La police britannique pense que ces lycéennes, toutes trois étudiantes dans une école de l'est de Londres, de "très bonne famille", et considérées comme de "bonnes élèves" auraient suivi l'exemple d'une de leurs amies partie en décembre rejoindre l'EI.

Selon les médias britanniques, les trois jeunes adolescentes ont été interrogées par la police dans le cadre de l'enquête sur la disparition de cette amie en question, mais elles n'étaient pas elles-même considérées comme des personnes susceptibles de suivre la même voie.

L'une des trois adolescentes aurait également été en contact sur Twitter avec une jeune femme, qui a quitté Glasgow en novembre 2013 pour la Syrie et est depuis soupçonnée d'essayer de faire des émules.

>> À lire sur France 24 : "Enquête : pourquoi il ne faut pas sous-estimer le rôle des femmes jihadistes"

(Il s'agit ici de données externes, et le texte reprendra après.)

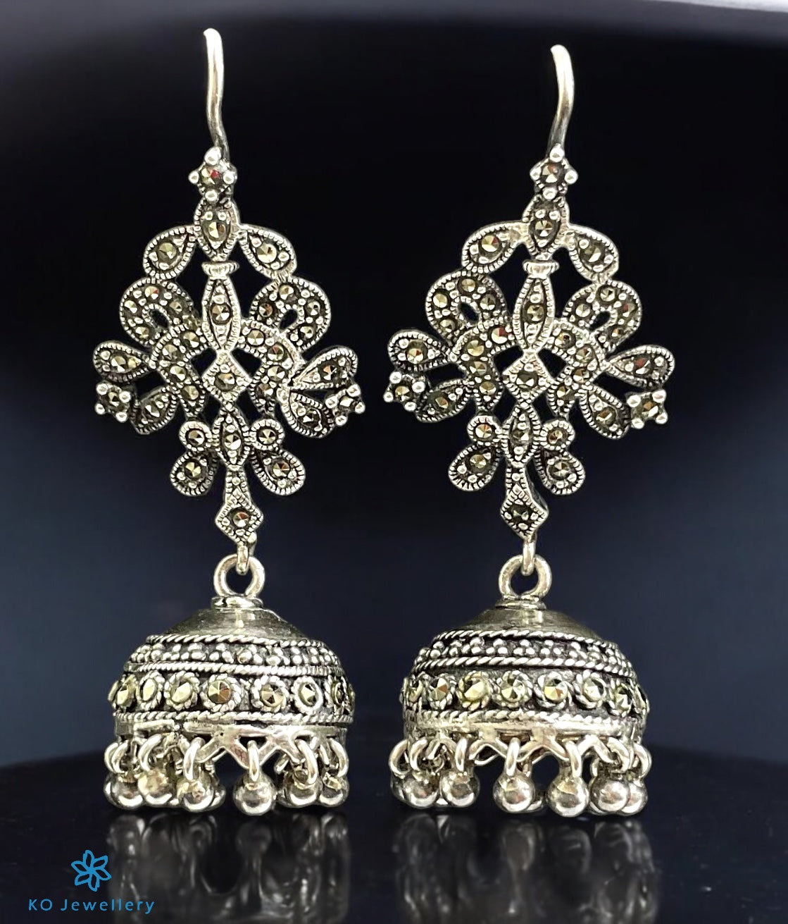 Stylish and trendy best-sellers our handmade Sterling Silver (92.5%) jhumkas, featuring dazzling Swiss marcasite gemstones are a statement of style and sophistication. Crafted from high quality 92.5% pure sterling silver for a lustrous, durable finish that shines with every movement.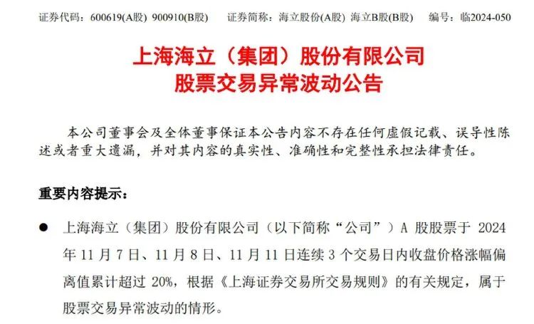 11月11日,海立股份公告,公司A股股票连续3个交易日内收盘价格涨幅偏离值累计超过20%,属于股票交易异常波动的情形。

Image de vidéo-surveillance prise par les service de la police métropolitaine de Londres, le 17 février 2015.
Image de vidéo-surveillance prise par les service de la police métropolitaine de Londres, le 17 février 2015. London metropolitan Police

"S'il te plaît rentre à la maison"

La famille d'Amira Abase a accepté samedi de révéler son identité en espérant pouvoir convaincre leur fille de revenir à la maison. "Tu es forte, intelligente, belle et nous espérons que tu prendras la bonne décision. S'il te plaît rentre à la maison", a lancé la famille dans son appel relayé par la police britannique.

La famille de la jeune Sultana a dit "vivre un véritable cauchemar" depuis le départ de leur fille, tandis que la famille de Begum l'avertissait que la "Syrie était un endroit dangereux". "Nous comprenons que tu veuilles aider ceux dont tu crois qu'ils souffrent en Syrie", a ajouté la famille, "tu peux les aider depuis chez toi, tu n'a pas besoin de te mettre toi-même en danger".

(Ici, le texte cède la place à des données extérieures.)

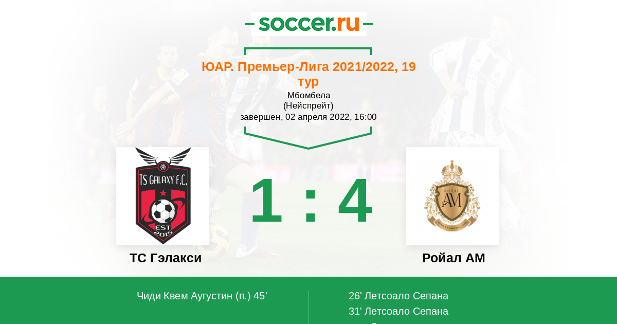 | ЮАР. Премьер-Лига | 5 | 1 | 2 | 2 |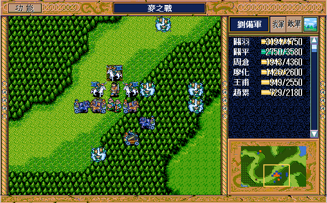 我 吴兰右一援助、黄权上激励吴兰,刘备下假情报骑兵2,马良左下补给刘辟,刘辟牵制弓兵6,糜竺进村庄激励陈式(从此不变位置),陈式上攻击步兵5,马谡上激励藩宫,庞统下一,藩宫右一上二大焦热(失败),刘封右援助藩宫,王平右援助陈式;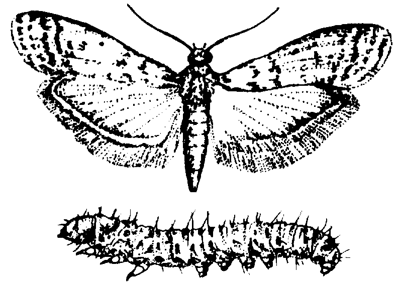 Ataca los cereales, sobre todo al trigo, maíz y arroz. Es una pequeña mariposa de color gris oscuro, con un tercio de base clara, blanco grisáceo. Cada hembra pone un promedio de 170 huevos, a los tres o cuatro días de nacer. Los adultos viven alrededor de 10 días. El período para su desarrollo es de unos 30 días en condiciones favorables. Durante el día tiende a evitar la luz, permaneciendo quieta, y es de noche cuando presenta mayor capacidad de vuelo (figura 12).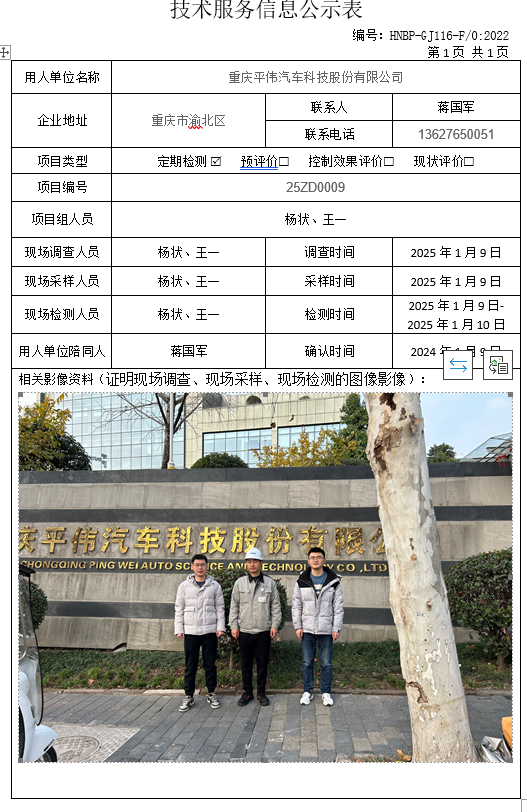 职业卫生检测项目公示

>> À lire sur France 24 : "Jihad : un afflux 'sans précédent' de combattants étrangers vers la Syrie"

En vertu d'une nouvelle loi, les passeports des Britanniques suspectés de vouloir partir dans les territoires contrôlés par l'EI peuvent désormais être saisis. Mais ces trois adolescentes, scolarisées à la Bethnal Green Academy, dans l'est de Londres, n'avaient pas été jugées à risque.

La compagnie aérienne Turkish Airlines s'est quant à elle dédouanée de toute responsabilité, affirmant, dans un communiqué, que son rôle consistait à vérifier les visas des passagers et que les questions de sécurité avant le vol relevaient des autorités officielles de l'aéroport.

Selon des estimations des experts de la lutte contre le terrorisme, environ une cinquantaine de femmes ont quitté la Grande-Bretagne pour rejoindre l'EI en Syrie.